Sociológicamente, lo que más impacta es que un acto delictivo oficial de estas desgraciadas dimensiones, que en cualquier país decente —con una cultura democrática más o menos sólida y un sistema de justicia con autonomía del Ejecutivo— haría tambalear al gobierno, obligaría a los directivos de los organismos contralores a renunciar, haría que la oposición se pronunciase radicalmente todos los días, se convertiría en un escándalo de opinión pública y la prensa libre dedicaría sus mejores periodistas a realizar una profunda investigación, en Venezuela no pasa nada.

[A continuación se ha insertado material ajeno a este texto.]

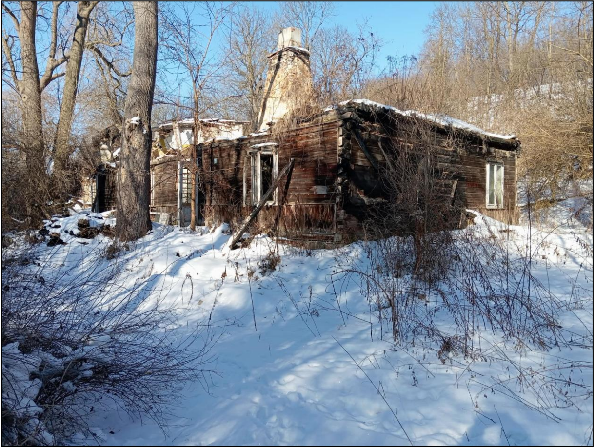
Dwór w Nietulisku Małym

Y no pasa nada por cuatro razones. Primero, porque la corrupción en nuestro país se convirtió en paisaje natural, como antes, se convirtió en rutina el número de asesinatos de los fines de semana. En segundo lugar, por el desencanto y la impotencia colectiva: “para que denunciar si nunca va a pasar nada, ¿cómo unos jueces corruptos van a condenar a sus iguales?”. Tercero, por miedo; en Venezuela, a quien señala delitos oficiales se le puede aplicar la ley que homologa denuncia con incitación al odio. Y, a final, porque la corrupción, como el Covid, ha contaminado a una buena parte de la sociedad —desde el guardia nacional que matraquea a los transportistas, el agente de migración que consigue pasaportes, el comerciante que abusa con la escasez, el funcionario que adelanta a cirugía en el hospital, y todos lo que aceptamos sobornarlos— por lo que cuesta mucho tirar la primera piedra. Hay excepciones, por supuesto. Cuando venga la reconstrucción nacional, la lucha contra la corrupción hecha pandemia será uno de los trabajos más exigentes.